Friday, December 27, 2019

Fight for the Future

We live in unhappy times and the solutions appear not to be evident to many of us. Few offer a vision of an alternative future, let alone a path towards it. The Socialist Party’s goal is clear: a socialist world in which sharing, not competitive struggle, prevails. Capitalist growth leads to the depletion and degradation of natural resources. The technical fixes, government legislation and regulation and market incentives are unlikely to significantly mitigate the environmental emergency. The prognosis for a healthy planet is not at all promising.

First, the Socialist Party maintains that our society is divided into classes based on groups of people standing in the same relationship to the means of production.

Secondly, the Socialist Party holds that the interests of these classes are antagonistic and irreconcilable and that a constant struggle goes on between them over the division of the wealth that society produces.

Thirdly, the Socialist Party agrees that the owning class is the ruling class because it controls the government. The government protects the capitalist class by protecting the source of its economic strength private property. It is the will of the capitalist class that the rights of private property be protected. It uses its control of government to write down its will and call it law. It uses its control of government to enforce its will, the law. The law is the voice of the ruling class.

For a capitalist, the right to private property means first and foremost the free and untrammelled ability to own and use in any way he may see fit the instruments of production. It means that he shall have at all times free access to these instruments, and that he on his own decision shall be able to grant or refuse such access to others: that he himself shall decide whether or not to employ the instruments to turn out goods; that the entire product of the instruments shall belong to him. He and his fellow-capitalists have constructed their state to defend this right by all necessary means. However, in the course of the development of capitalism, the original right to private property suffers some modification and limitation. These limitations are roughly of two sorts: one type is a concession forced on the state by the strength of the workers (for example, the workers’ right to strike and picket, both of which are limitations on the capitalist’s right to private property); the other and more frequent type is imposed by the bourgeois state itself, acting as representative of the entire capitalist class, in order to protect the system of private property against being undermined by the too anarchic practices of individual capitalists. Capitalists, as individuals, usually resent both of these types of limitation, but it is only against the first that they carry on and must carry on a bitter and decisive struggle. The second type is in the final analysis a mode of self-preservation for capitalism. If they are ever to achieve their own emancipation, working people must throw off the shackles of bourgeois law.
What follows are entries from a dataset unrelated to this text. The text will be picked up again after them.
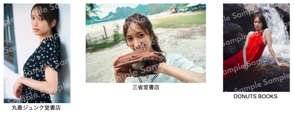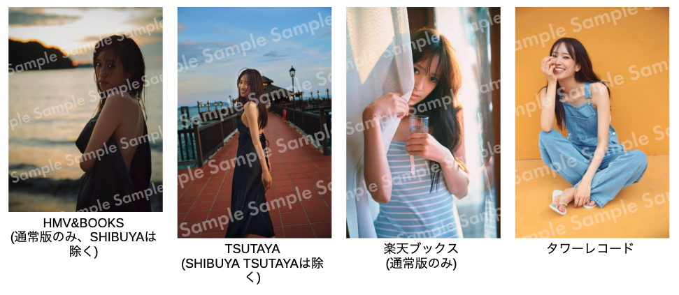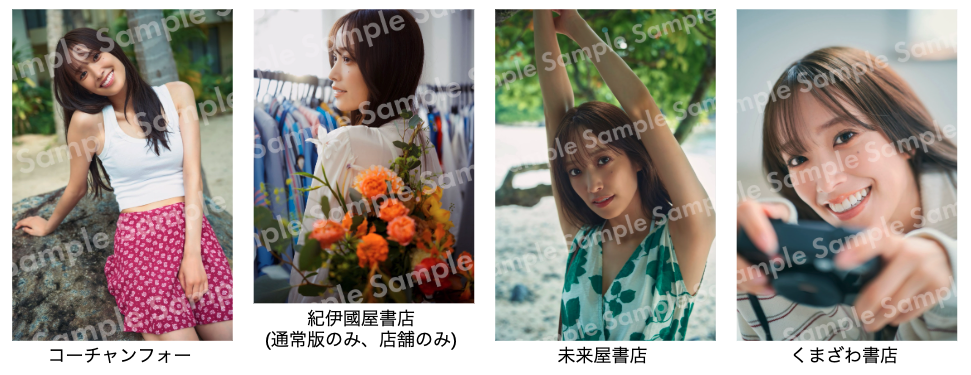 今回の書店別購入特典は、折り目なしB3ポスター4種とポストカード11種。マレーシア・ランカウイ島でのびのびと卒業旅行を楽しむくみてんと東京で撮影した写真集未掲載カットを採用。折り目なしB3ポスターの特典がついてくる店舗は、HMV&BOOKS SHIBUYA、SHIBUYA TSUTAYA、セブンネットショッピング、星野書店 近鉄パッセ店の4店舗。ポストカードは、HMV&BOOKS(通常版のみ、SHIBUYAは除く)、TSUTAYA(SHIBUYA TSUTAYAは除く)、楽天ブックス(通常版のみ)、タワーレコード、コーチャンフォー、紀伊國屋書店(通常版のみ、店舗のみ)、未来屋書店、くまざわ書店、丸善ジュンク堂書店、三省堂書店、DONUTS BOOKSの11店舗となります。
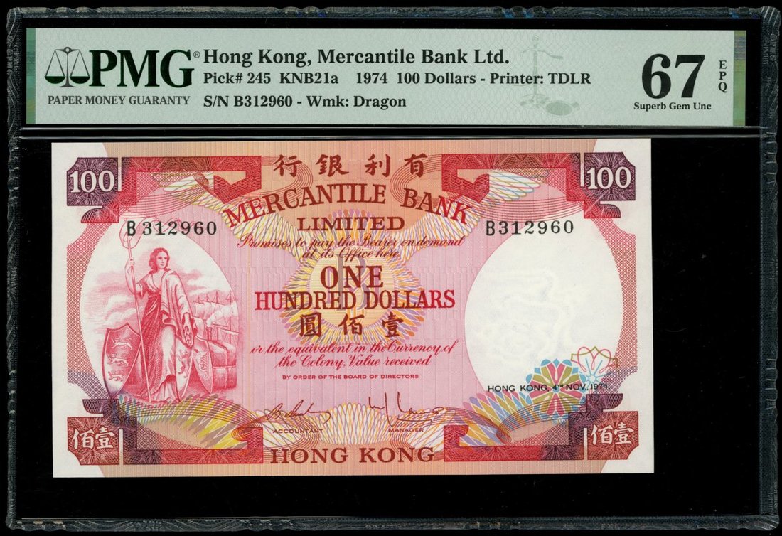 Mercantile Bank Limited, $100, 4.11.1974, serial number B312960, (Pick 245), PMG 67EPQ Superb Gem Uncirculated
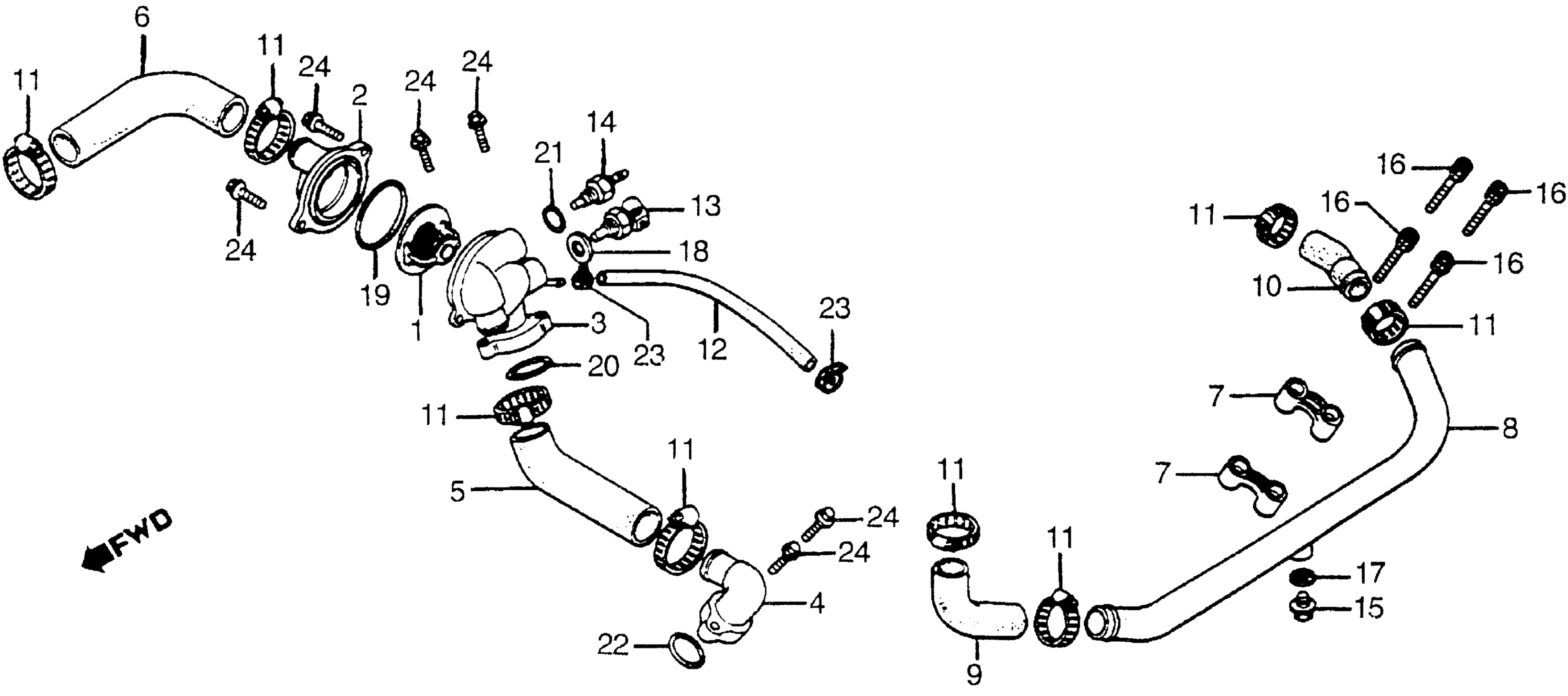 Honda CX500TCA (82) 500 TURBO, JPN, VIN# JH2PC030-CM000017 THERMOSTAT + WATER PIPE Diagram
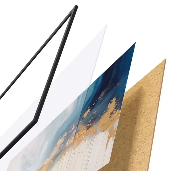 Le poster se compose d'un cadre, d'un plexiglas, d'une image imprimée et d'un support en aggloméré. Le poster peut être immédiatement accroché au mur grâce aux fixations au dos.
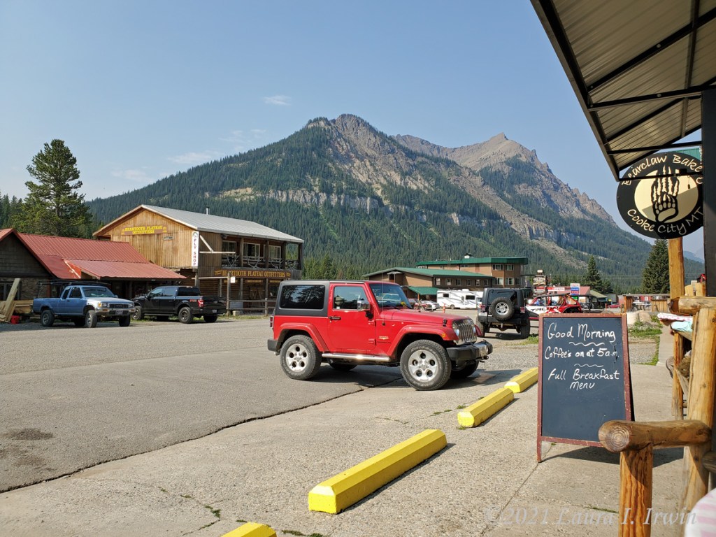 Despite having a cherry fritter with chocolate frosting and a yogurt in my room this morning before I left, I arrived in Cooke City quite hungry. I had originally wanted to stop for a huckleberry shake in Silver Gate, but I couldn’t rationalize a milkshake at 10:00AM. I could, however, rationalize a second breakfast. Yes, you read that correctly. Some days, one breakfast just isn’t enough. The Bearclaw Bakery was just the place. There were two wooden high top tables out front and I waited just a few minutes for one of them to clear. With a view of the Absaroka mountains and the quaint “downtown” of Cooke City (population 140), I can’t imagine a better setting to enjoy my grilled sourdough with fig preserves, ham, and brie cheese.

Socialism is transforming the means of production from individual into common property;

At present the processes of government by which the capitalists of this country rules are called the democratic form of government. Democracy literally means “Rule of the people”. We live in a class society in which one class maintains its favorable economic position because it controls the rule by the people, since the capitalist class is a small minority, of the emulation. The majority of people support the present system and therefore the capitalist class controls the government only as long as the majority of the voters permit them to.

Mankind’s progress cannot resume its upward climb until civilisation is rescued from capitalist barbarism.